Caserta, a Casagiove un disabile psichiatrico avviato al lavoro in società informatica

CASAGIOVE (Caserta) – Ha iniziato il suo periodo d’inserimento in un’azienda di Casagiove, in provincia di Caserta, la prima tirocinante inserita grazie a un Tirocinio per persone con disabilità (Tir.dis), uno degli strumenti messi a punto da “Lavoro&Sviluppo”, il programma promosso dai ministeri del Lavoro e dello Sviluppo Economico, realizzato da Italia Lavoro in collaborazione con l’Istituto per la Promozione Industriale (Ipi), per promuovere l’inserimento di disoccupati e lavoratori svantaggiati delle regioni del Sud.

L’iniziativa rientra nell’ambito del progetto di formazione-lavoro per utenti del dipartimento di Salute mentale di Maddaloni, nato dalla collaborazione fra la Asl Caserta 1 e l’assessorato alle Politiche del lavoro, ai Centri per l’impiego e alla Formazione professionale della Regione Campania.

La tirocinante, una donna di 38 anni in possesso di un diploma di ragioneria, svolgerà mansioni nel campo amministrativo, nell’ambito dell’azienda di Francesco Vozza, un’impresa informatica con 5 dipendenti, che in passato ha già collaborato con il programma “Lavoro&Sviluppo” e che ha aderito anche a questa nuova iniziativa. Un intervento che punta a superare le difficoltà dell’inserimento al lavoro dei disabili affetti da problemi psichiatrici, attraverso il tirocinio, strumento che garantisce una graduale reintegrazione del partecipante, dandogli fiducia e permettendo sia a lui sia all’impresa di valutare appieno l’esito di tale esperienza.

Il ‘Tir.dis’ prevede anche degli incentivi sia per i disabili partecipanti (borsa-lavoro e un bonus per il vitto giornaliero) sia per le imprese, per le quali è previsto un contributo di 175 euro al mese per le spese di tutoraggio aziendale, fino a ipotizzare, in alcuni casi, anche il ricorso a voucher formativi fino a un ammontare massimo di 800 euro.

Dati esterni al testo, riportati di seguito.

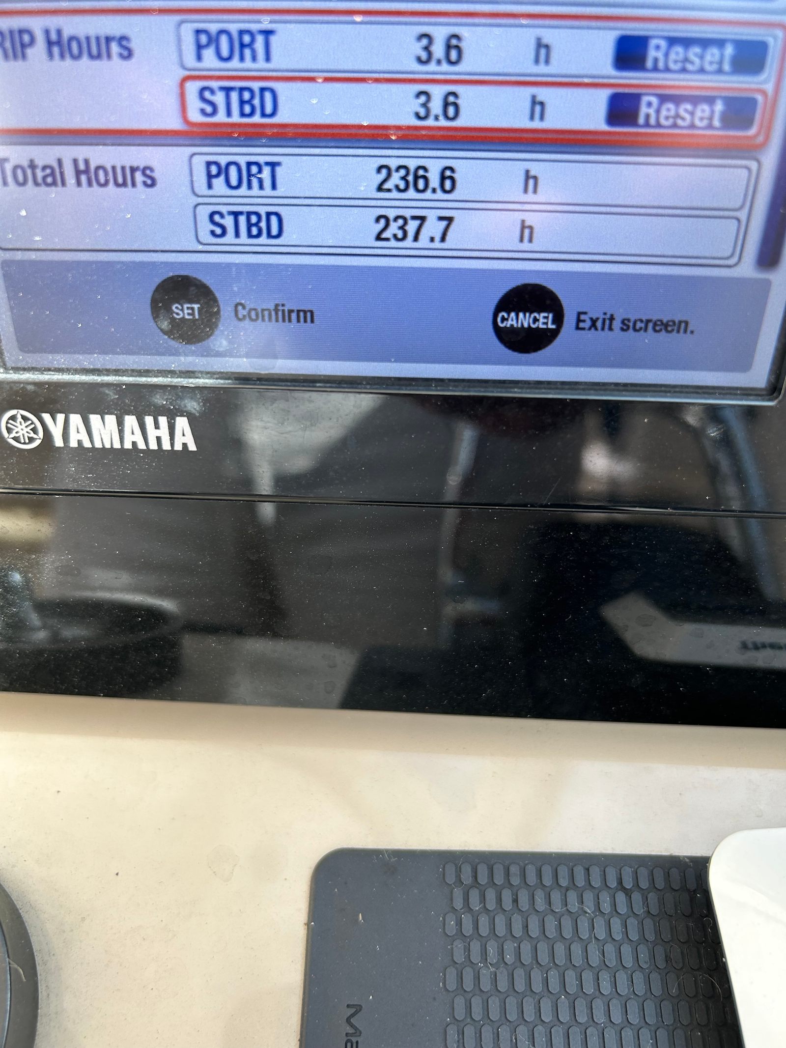 Powering this Pursuit DC 325 are twin engines, delivering a combined 600 horsepower for exhilarating performance and smooth cruising. Whether you’re navigating coastal waters or heading offshore for a day of adventure, the DC 325’s robust engine setup ensures you have the power and reliability you need. With only 237 engine hours, these engines offer plenty of life and dependable operation, giving you peace of mind as you explore new horizons. The dual engine configuration also enhances maneuverability and control, making docking and tight turns effortless.

E, grazie a ‘Lavoro&Sviluppo” – che in tre anni ha già realizzato 3.798 percorsi d’inserimento lavorativo e altri 1.013 sono stati attivati quest’anno – sono in arrivo altri due tirocini per altrettanti disabili mentali da inserire, nelle prossime settimane, in un’altra impresa del Casertano.

Uno dei punti di forza dell’iniziativa è senza dubbio costituito dal modello ‘reticolarè d’intervento, che ha coinvolto soggetti diversi e istituzioni in un’azione sinergica che ha permesso di affrontare in maniera più efficace tali problematiche. Un aspetto sottolineato anche da Giovani Chiabrera, responsabile nazionale per Italia Lavoro di “Lavoro&Sviluppo”, che osserva: “L’esperienza degli strumenti di inserimento al lavoro ideati per i soggetti disabili si sta rivelando una scelta vincente, anche grazie al coinvolgimento delle istituzioni territoriali che, come nel caso della provincia e della Asl 1 di Caserta, si attivano direttamente per la riuscita delle iniziative. Tutto ciò consente di offrire alle aziende un servizio di selezione qualificato e mirato del personale, garantendo, al tempo stesso, interventi concreti per l’integrazione nel mercato del lavoro di fasce deboli, ma ricche di potenzialità, come nel caso dei lavoratori diversamente abil”.